Si les résultats du questionnaire quantitatif semblent indiquer que l’évaluation par les élèves n’est pas encore tout à fait généralisée puisque onze professeurs sur 55 déclarent ne pas en faire l’objet (dans les universités bretonnes et parisiennes en particulier), tous les responsables de programmes et de départements auxquels j’ai parlé m’ont indiqué que des évaluations étaient systématiquement remplies à la fin des cours par tous les élèves. Elles sont ensuite revues par le responsable du programme (Monsieur Jacques Olivier pour le Mastère Finance Internationale d’HEC par exemple) ou un groupe de travail spécifiquement créé (Master d’économie et management à l’Université de Saint-Etienne). Les résultats sont ensuite transmis aux professeurs – ou simplement tenus à leur disposition.

Dans les grandes écoles comme dans les universités, il semble que les conséquences d’une mauvaise évaluation ne se fassent pas attendre pour un professeur vacataire, à qui l’on demande de modifier son plan de cours, ses méthodes ou tout simplement de cesser ses interventions dans l’établissement. En ce qui concerne un professeur en voie de titularisation (à HEC par exemple lors de la Tenure Track), des mesures correctrices peuvent également être prises. Mais c’est bien sûr beaucoup plus compliqué lorsqu’un professeur permanent est concerné.
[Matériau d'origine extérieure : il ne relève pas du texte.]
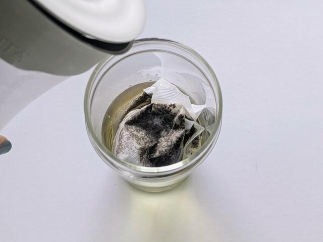 コーヒーバッグ1袋につき500mlの水が目安。今回は、お気に入りの容器にコーヒーバッグを2袋入れてつくりました。
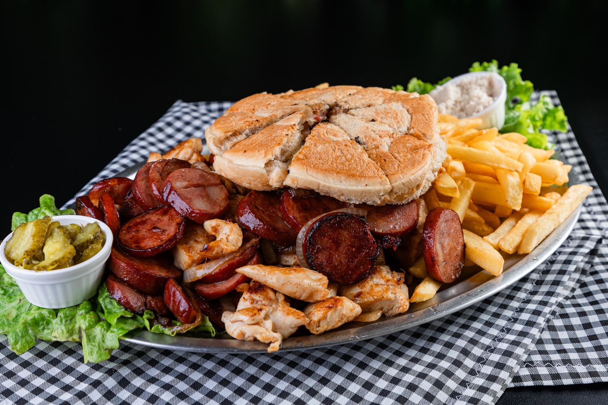 Calabresa, Frango Sassami, Fritas, Pão, Salada
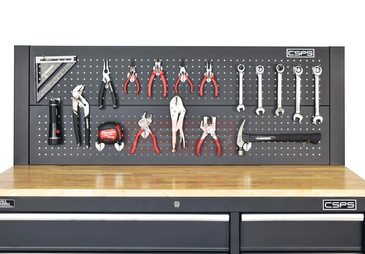 Vách lưới 132cm, giúp bạn tiết kiệm và tối ưu không gian làm việc. Là một phụ kiện đi kèm với Tủ 132cm - 10 hộc kéo, giúp người thợ có thêm không gian treo dụng cụ khi làm việc. / CSPS 132 cm Pegboard back wall is an option for CSPS utility cart 132cm – 10 drawers, helps workers have more space to hang the equipment during working. Vách lưới CSPS 132 cm, giúp bạn sắp xếp khu vực làm việc hiệu quả, là một trang bị cần thiết cho nhà máy, garage, cửa hàng hay văn phòng làm việc CSPS 132 cm Pegboard back wall which is suitable for workshop, factory, garage, shop, office… will help you organize working area efficiently.
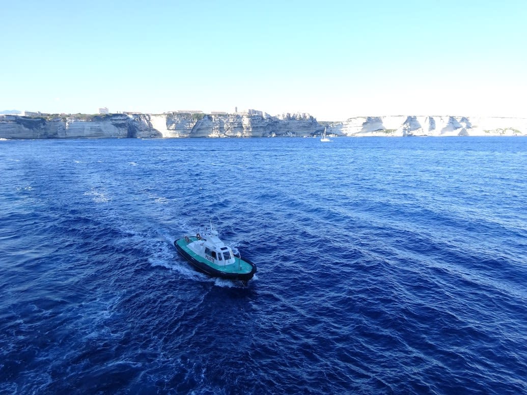 またある時は、荒れ狂うボニファシオ出航後、ポナンの帆船から役目を終えた案内人が、乗客乗員全員が見守る中(ヤジも飛んでた)左右に揺れて今にも転覆しそうな水先船にスタントマンさながらにパタリと乗り込む。
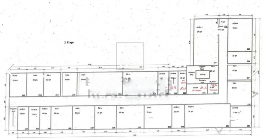 Im 2. OG befindet sich die zu vermietende Bürofläche von ca. 827 m². Der L-förmige Grundriss mit derzeit vielen Büroräumen lässt eine vielfältige Nutzungsmöglichkeit zu. Die Räume sind flexibel aufteilbar.
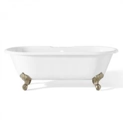 Giorgio 67 Inch Solid Surface Freestanding Double Ended Bathtub – No Faucet Drillings – Gloss White
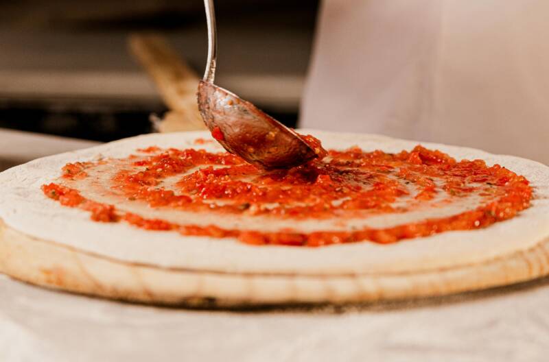- Remove the crust from the oven and spread the pizza sauce or pesto sauce over the surface.
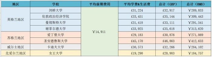5、英國各地區(qū)留學(xué)費(fèi)用匯總
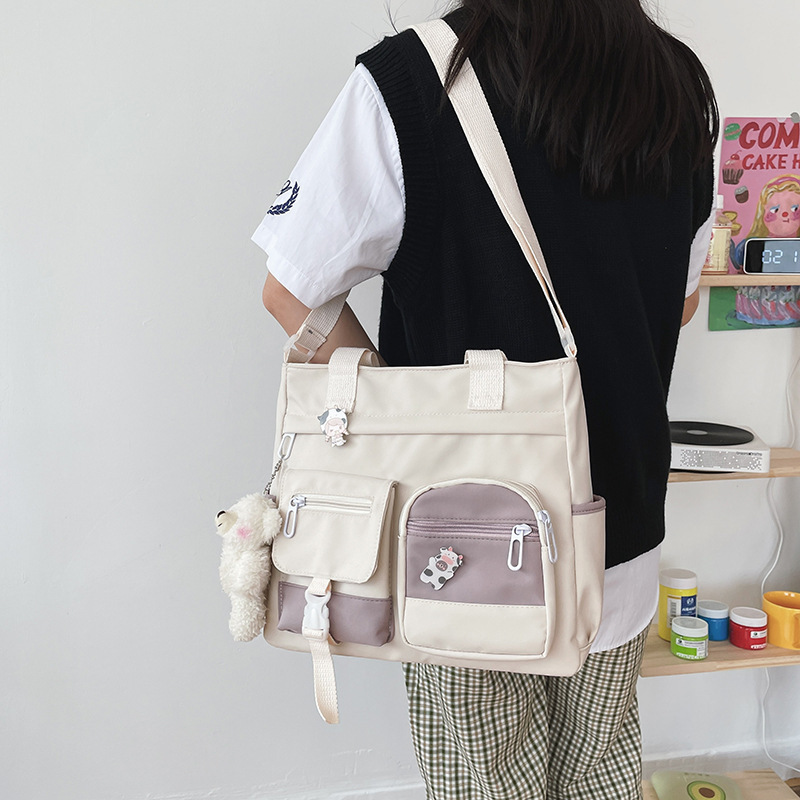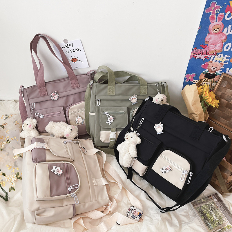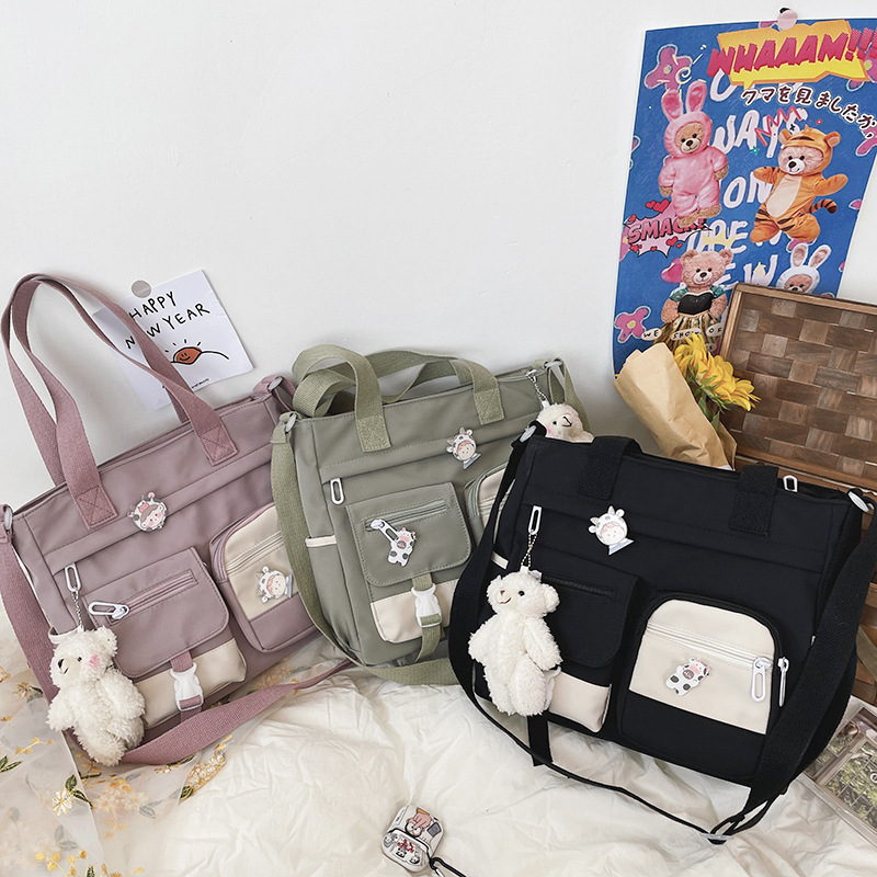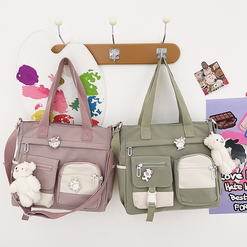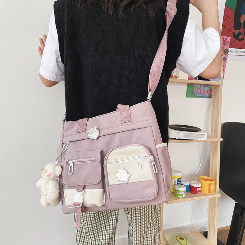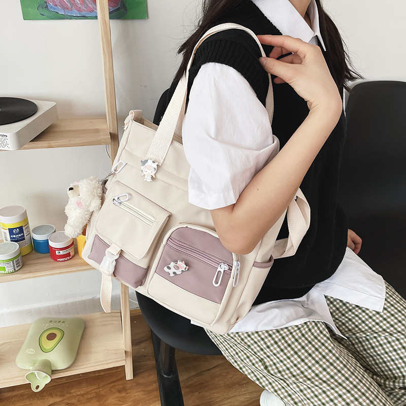 한국식 ulzzang 아카데미 스타일 빈티지 모리 스타일 예술적 올매치 소녀 학생 컬러 대용량 어깨 가방
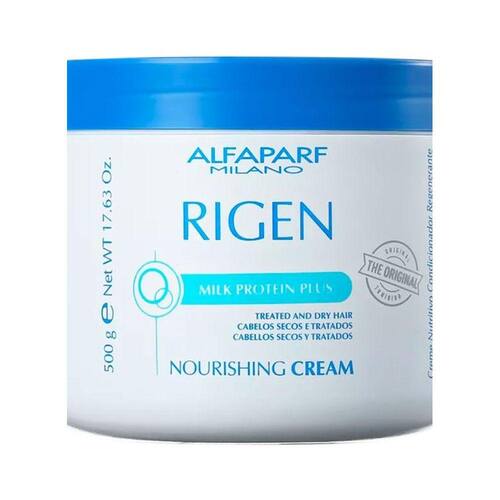 Máscara de tratamento regenerador para cabelos secos e quimicamente tratados. Alfaparf Rigen Milk Protein Plus Nourishing Cream equilibra o pH, nutre e hidrata intensamente os fios, tornando-os macios e brilhantes.
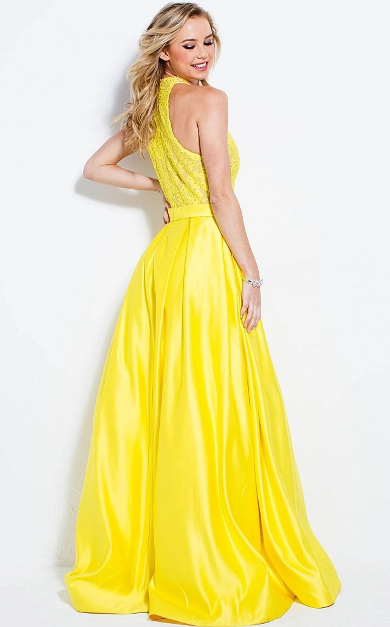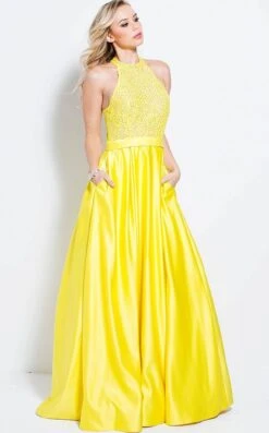 Look absolutely lovely in Jovani 57940BG Dress. This pretty piece features a a-line silhouette and glittering accents. The sleeveless bodice has a halter neckline and a natural waist.
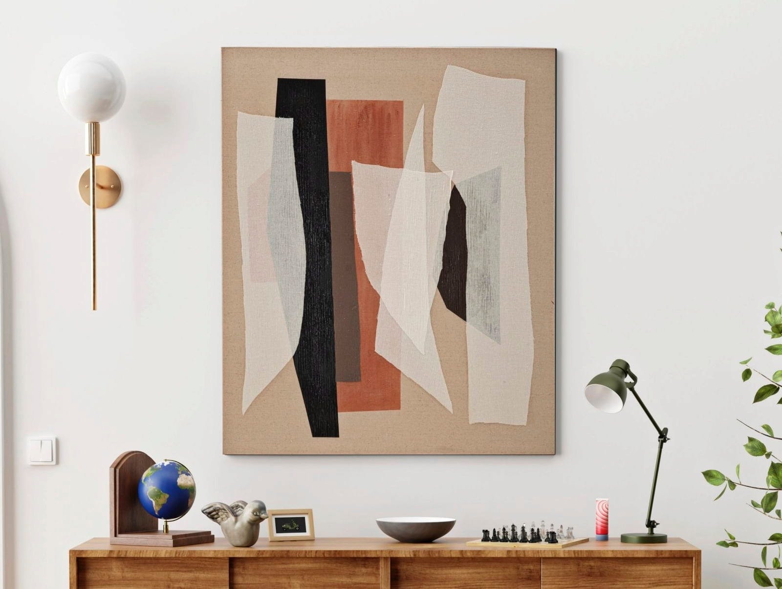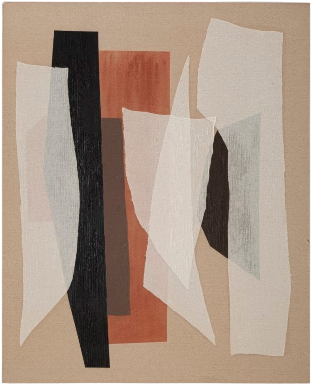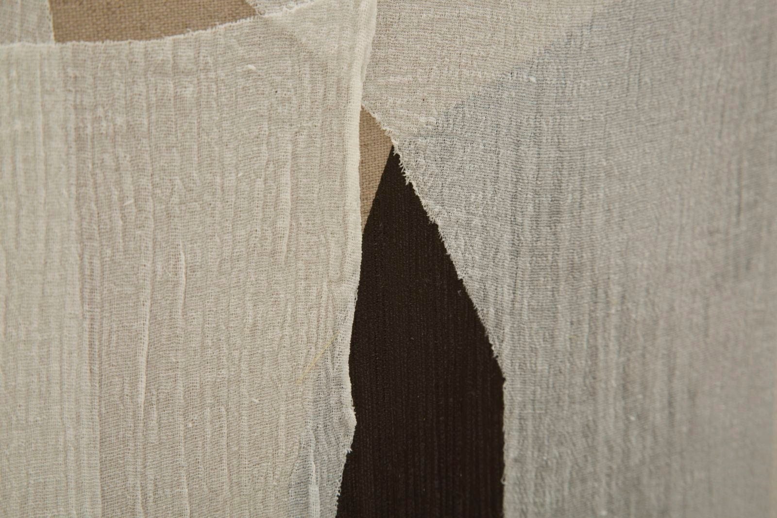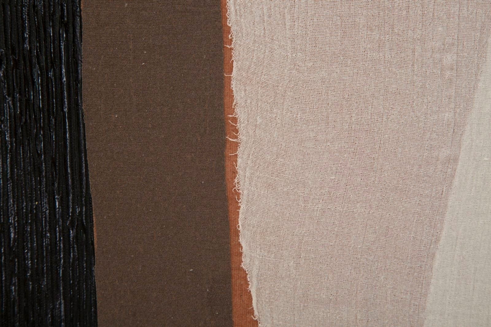 L'opera conquista con le sue applicazioni stratificate: elementi in tessuto traslucido in bianco e grigio chiaro si adagiano come veli su intense fasce verticali in nero, terracotta e marrone scuro. Le diverse trasparenze creano un rilievo dinamico e una resa materica viva e tattile. In ufficio o in soggiorno, Redy -B- è un punto focale dal taglio architettonico, dove naturalezza e modernità si incontrano con armonia.

Si certains responsables de programmes universitaires disent avoir suffisamment de pouvoir pour demander à des professeurs de ne plus intervenir sur leur diplômes, la plupart ont peu de marge d’action.

2.1.3.4 Spécialités

Sur les 69 enseignants représentés, 35 disent enseigner en finance d’entreprise exclusivement, huit la finance de marché, et 26 dans les deux matières. On trouve ainsi des professeurs donnant à la fois des cours de « Théorie du portefeuille » et d’ « Analyse financière », ou de « Corporate Finance » et « Quantitative Finance ». Et il s’agit aussi bien de cours d’introduction que de cours d’approfondissement, de niveaux Bac+3 à Bac+5.